I

D'Europe à Seattle.—Départ pour Dawson.—En mer.—Nos compagnons de route.—La mine d'or de Treadwell.—Juneau et Skagway.

Le voyageur qui pour des motifs d'intérêt ou de plaisir a pris pour objectif la ville naissante de Dawson, dans le territoire du Nord-Ouest, province du Canada, pourra s'y rendre cette année-ci sans grande fatigue ni frais extraordinaires, dans un espace de temps relativement court, soit de trois semaines environ.

En effet, il faut huit jours de traversée de Paris à New-York, cinq en chemin de fer de New-York à Seattle ou Vancouver, quatre par bateau d'un de ces ports à Skagway, un par chemin de fer de Skagway à Bennett, et à peu près six par vapeur de Bennett à Dawson; le retour par la même route prend quelques jours de plus, à cause de la difficulté de remonter le Yukon. La distance est de 8 000 kilomètres au moins. Le voyageur ne sera plus obligé de se munir d'un approvisionnement complet, exigé sagement jusqu'ici par la police canadienne, afin de prévenir une famine possible et les crimes qu'elle engendrerait.

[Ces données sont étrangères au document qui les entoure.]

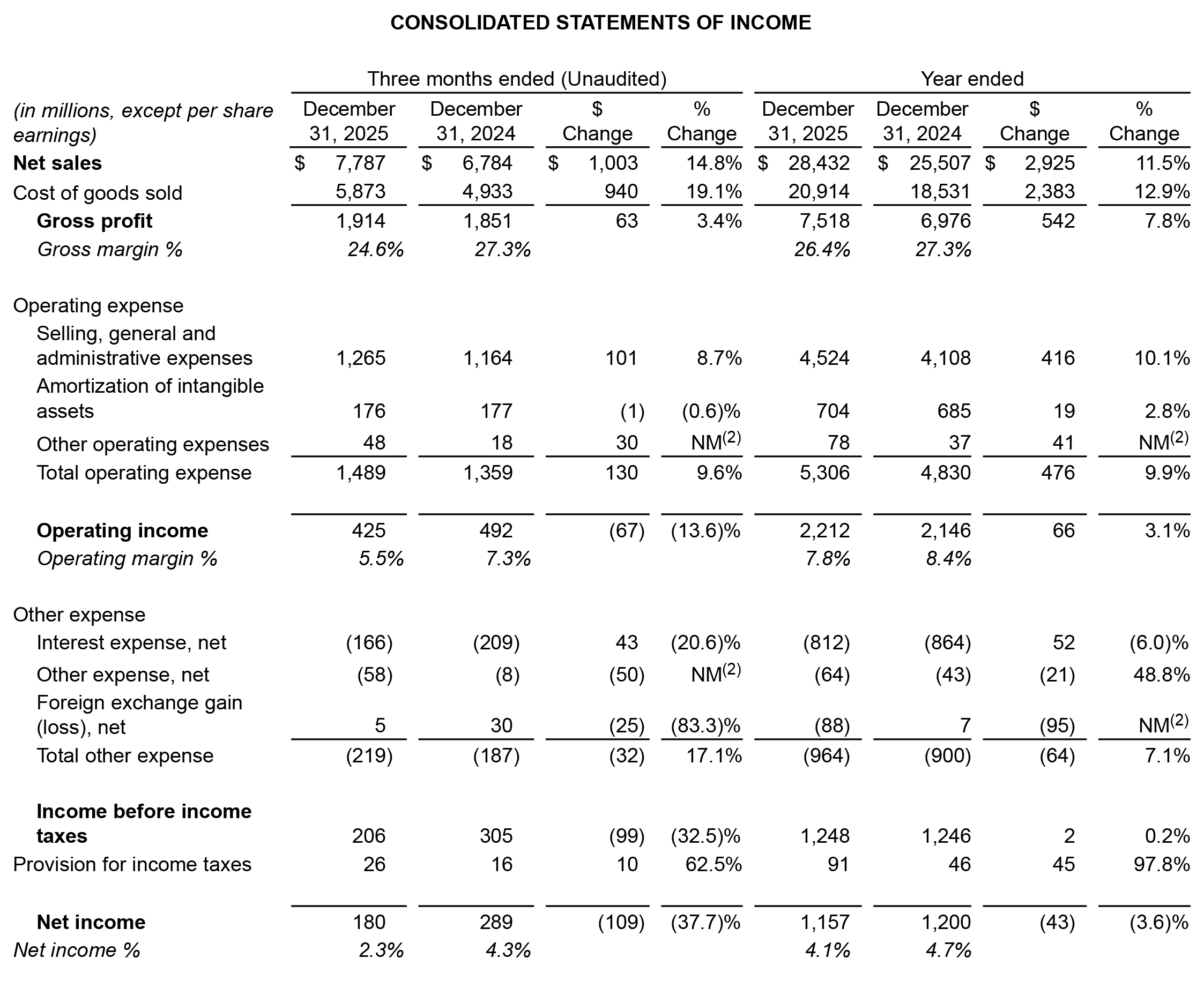 Full year 2025 net income was $1.2 billion, a decrease of 3.6% compared to $1.2 billion for full year 2024, driven by higher costs of goods sold due to tariffs and higher operating costs, including investments in headcount and IPO‑related expenses, partially offset by higher net sales.
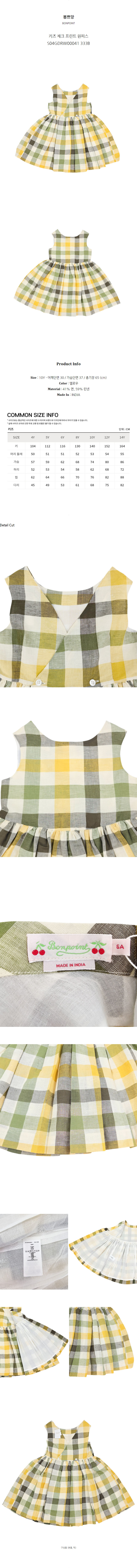 봉쁘앙 키즈 체크 프린트 원피스 S04GDRW00041 333B (10Y)
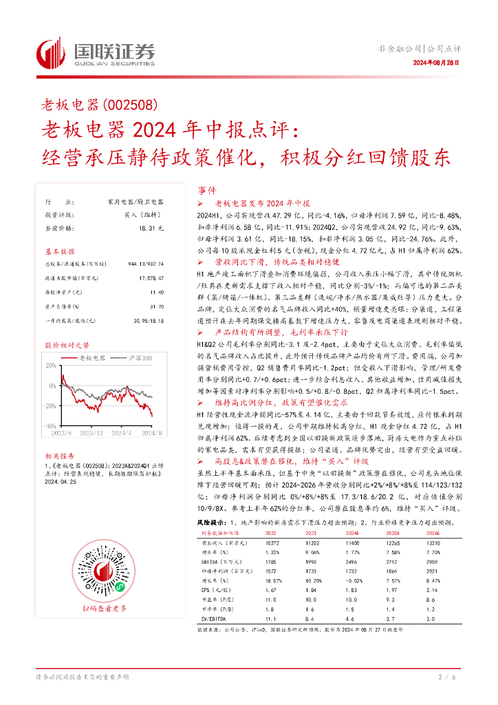 国联证券:老板电器2024年中报点评:经营承压静待政策催化,积极分红回馈股东.pdf

Il n'aura pas non plus, par conséquent, à être le factotum que nécessitaient les conditions antérieures et le voyage au Klondyke ne sera plus une véritable entreprise de pionniers. Plus de chevaux, de chiens ou de bœufs à harnacher, à atteler, à guider, à accabler de coups ou de malédictions; adieu les traîneaux, les véhicules de tout genre à charger, à décharger, à réparer avec quelques clous et un mètre ou deux de corde. Et la tente à dresser, et le bois à couper à même la forêt pour le service du poêle portatif, et la cuisson du pain pétri de ses propres mains, et le sciage des planches sur une plate-forme ad hoc, et la construction du bateau, de la barque ou du canot, avec son complément de rames, de mâts, de cordages et de voiles, le tout improvisé, et perfectionné suivant le génie créateur de l'Argonaute moderne, tout cela sera devenu choses du passé pour ne plus se reproduire que dans quelques cas isolés. Le pittoresque du voyage y perdra, mais le confort y gagnera. On ne redoutera pas plus d'aller à Dawson qu'à Madagascar ou au Japon.

De la traversée de l'Atlantique et de la ville de New-York, nous n'avons rien à dire ici. En 26 heures un train express transporte le voyageur de New-York à Chicago, couvrant une distance de 1 500 kilomètres, soit une distance moyenne de 60 kilomètres à l'heure, et traversant une contrée riche et bien cultivée, parsemée de beaux villages et de cités industrielles. C'est peut-être la partie la plus riche des États-Unis, comme aussi la plus peuplée. Pays de rivières, de collines, de bois, de champs, de pâturages, de fermes et d'usines. La nuit se passe dans un des confortables wagons-lits Pullman ou Wagner avec leurs portiers nègres.

Chicago, avec son million et demi d'habitants, se pose en rivale de New-York qui en a près de trois; sa situation à la porte des grands lacs et comme tête de ligne de tous les importants chemins de fer qui y convergent du Sud et de l'Ouest est unique; la ville elle-même est loin d'être aussi propre et aussi attrayante que New-York, mais la même activité y règne, et ce qu'il y a de plus rare à rencontrer, là ou ailleurs, c'est un Américain n'ayant pas l'air pressé.

VUE DE SEATTLE (ÉTATS-UNIS).—D'APRÈS UNE PHOTOGRAPHIE.

Plus loin, les plaines n'ont rien de remarquable; elles sont assez bien cultivées et plantées de blé et de maïs. La voie ferrée circule ensuite au milieu des mauvaises terres du Dakota, sans herbes ni arbustes, aux ocres de couleurs vives sculptées en buttes, en tours, en bastions par l'incessante érosion des eaux: là des viaducs du chemin de fer audacieusement jetés par-dessus des précipices béants et à peine supportés, semble-t-il, par une frêle construction en troncs d'arbres dressés verticalement, semblent des araignées montées sur des jambes grêles et trop longues. Puis on arrive aux montagnes Rocheuses, qui offrent une série de scènes intéressantes, et des campements d'Indiens Sioux égrenés le long du Yellowstone et du Missouri.